A Fixed-Rate Loan Calculator

By Stock Research Pro • November 13th, 2009

Fixed-rate loans are loans in the borrower pays equal amounts to the lender for a set number of periods until the loan (plus interest) are paid back in full. Under a fixed-rate loan, these payments remain consistent regardless of changes in interest rates. While there are a number of loan options available, a fixed-rate offers a good way for the borrower to plan for payments for the entire life of the loan. Perhaps the best example of this type of loan is a fixed-rate mortgage.

Variable-Interest Loans

Unlike a fixed-rate loan, a variable rate loan (also known as a “floating” or “adjustable” rate) does not offer a set interest rate over the life of the loan. Instead, the rate charged on the outstanding balance will vary as market interest rates change. As a result, payments made to the lender can move up and down over time.

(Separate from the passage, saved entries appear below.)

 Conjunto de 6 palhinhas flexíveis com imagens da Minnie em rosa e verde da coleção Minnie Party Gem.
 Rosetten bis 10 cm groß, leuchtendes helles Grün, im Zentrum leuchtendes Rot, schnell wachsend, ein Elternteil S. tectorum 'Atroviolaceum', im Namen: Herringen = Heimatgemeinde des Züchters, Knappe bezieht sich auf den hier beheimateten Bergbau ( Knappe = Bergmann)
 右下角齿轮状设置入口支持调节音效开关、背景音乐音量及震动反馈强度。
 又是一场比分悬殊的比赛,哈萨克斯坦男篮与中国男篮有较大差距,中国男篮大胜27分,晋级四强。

Fixed-Rate v. Variable-Rate Loans

Choosing between a fixed-rate and a variable-rate loan is highly dependent on prevailing market conditions. If interest rates are expected to decrease over time, a variable-rate loan may be preferable. If, on the other hand, rates are currently low and expected to rise over time, the borrower may be better off “locking in” to the existing low rates.

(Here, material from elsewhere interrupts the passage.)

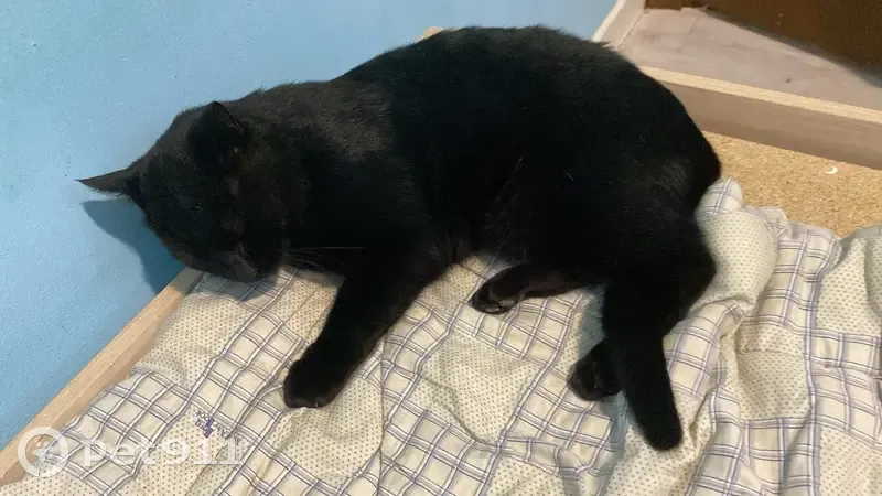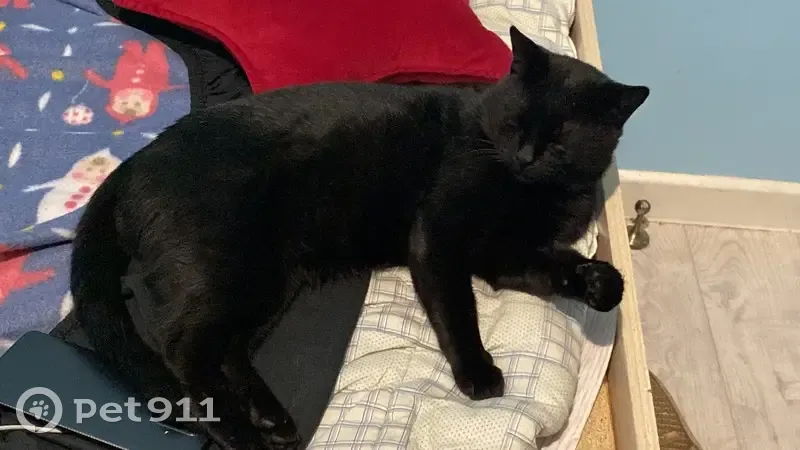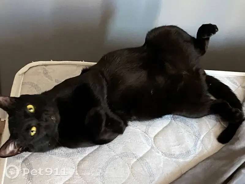 Кот по кличке Шалун. Откликается на имя. Полностью черный кот, даже рот. Кот ласковый но на руки не идет к чужим, не кусается и не царапает - боится…глаза желтоватого оттенка

Calculate a Fixed-Rate Payment

The formula for calculating a fixed-rate payment can be written as:

Payment = (r / (1-(1+r) ^-n) * Loan


r = interest rate per period
n = number of periods for the loan


The above information is educational and should not be interpreted as financial advice. For advice that is specific to your circumstances, you should consult a financial or tax advisor.